The handle-tie also assures they are phased correctly (on opposite phases), which they must be to avoid overloading neutral.

This type of arrangement is called a multi-wire branch circuit or MWBC. There's nothing wrong with it, and nothing wrong with asymmetrical ampacity as long as the neutral is sized for the higher ampacity. MWBCs have fallen out of favor because of the rise in AFCI and GFCI applications, which they don't always play well with.

  • I know what you mean by breakers that are tied together, I've seen that before. But how do you tell which phase (leg?) a breaker is on? Or, is it such that because the handle-tie connects 2 breakers that are side-by-side, it is guaranteed that any breaker above or below another will be on opposite phases? That is, top to bottom in the panel, every other breaker is on the same phase?
    – Darryl
    May 8, 2020 at 3:57
  • @Darryl Not alternating breakers. Alternating spaces. It's possible to get duplex/twin double-stuff breakers that put 2 breakers in 1 space, and things get confusing fast, and that's where people blow it with MWBCs. If you're using a factory-supplied handle tie by the maker of the breaker, it will generally force the breakers into the proper position so the two tied breakers are in alternating spaces which means alternating phases. Beyond that you don't really care which phase is which. Though it's obvious if you look at the bus stabs. May 8, 2020 at 5:26
  • Aha got it, thanks. In my case, the two breakers in question (circuit 3 & 4) are unfortunately from differing manufacturers and the switches (handles) don't align and are of differing form factors as well. So I will need to replace both with breakers of the same brand and get that manufacturer's handle-tie as well.
    – Darryl
    May 8, 2020 at 6:22
  • @Darryl Holy smoke, yeah, get rid of all those alien breakers! All breakers in your panel must be either from the panel's maker or successor... or UL-Classified for your panel (which basically means Eaton CL). CL is not BR; BR go in nothing but BRyant->Cutler->Eaton panels.
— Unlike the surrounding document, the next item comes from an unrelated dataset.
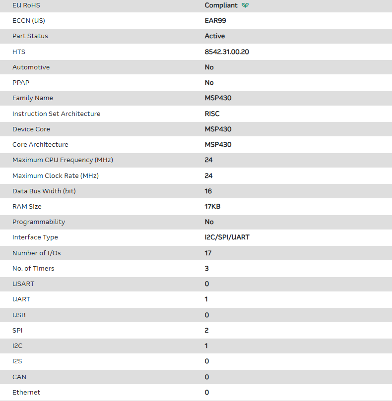 MCU 16-bit MSP430 RISC 2.5V/3.3V 24-Pin VQFN EP T/R

May 8, 2020 at 6:29

To add onto Harper’s answer: the only reason this would be safe and legal is if these two circuits are on opposite legs and the breakers are handle tied.

If these are on the same leg, the neutral is overloaded (potentially 35 amps on a 20 amp rated wire). This is very bad!

Also, do not tie in the neutrals for other circuits. This would result in the total current being shared between multiple wires. If one of these connections were to fail, instead of one circuit not working, the shared current could again overload the remaining neutral(s).

Finally, if you are using GFCI breakers, you can never interconnect neutrals or the breakers will trip. To share a neutral on opposite leg circuits (Multi-Wire Branch Circuit), you must use a 240 volt (dual) GFCI breaker.